山陰土産
山陰土産 / 感想・レビュー
コルカロリ
2021年の島根県での文アルコラボの時に島崎藤村縁の地としてこの著作が紹介されていた。山陰地方を息子と巡る夏の旅のお話。けっこう知古だったり知り合いだったりなにかの繋がりがあったりする人と色んなとこに行ったり連れて行ってもらったりして色々エンジョイしてる。まったく縁のないひとと出会う旅の醍醐味もあれば縁のある人と遠い地で偶然出会う旅の醍醐味もある。
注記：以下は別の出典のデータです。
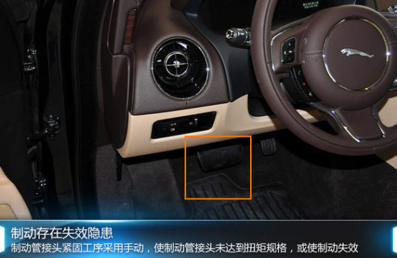 据了解,此次召回捷豹XJ是由于制动存在失效隐患。工厂在制动管接头紧固工序的专用工具进行修理期间采用了手动制动管接头的紧固工艺,从而导致制动管接头有可能未达到正确的扭矩规格,致使制动液泄露,造成制动踏板行程加长、制动性能降低,制动性能完全丧失。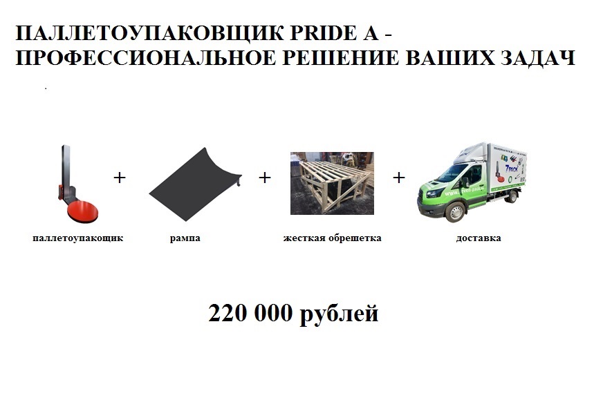 Паллетоупаковщик PRIDE A в комплекте с подъездной рампой, жесткой «обрешеткой» и доставкой по Москве в пределах МКАД - 220 000 рублей!

山や自然の情景に対して丁寧な観察眼をもって記される島崎藤村の著作。こういう文章の情景ってやっぱ現地に赴くと想像しやすいなって実際に島根に行った分とても強く思う。
2022/06/08
ゆきなり
涼しい風だね…というのが藤村の辞世の言葉らしい。『山陰土産』他藤村の紀行文をいくつか読んでみて、それがいかにも藤村らしい気がした。旅先でその土地の気候を感じたり、土の色の違うのに驚いたり、建物や芸術を見て歴史についてあれこれ考えてみたり友達や子と語り合ったり、目まぐるしい精神活動の絶えなかった藤村である。きっと本当に死ぬ間際までそうだったのじゃないかと思う。死ぬとはこういうことかと思い、その感じをつくづく味わって、体感をそのまま言ったのじゃないか…と想像する。それは案外悪くもなかったのかも、とも想像する。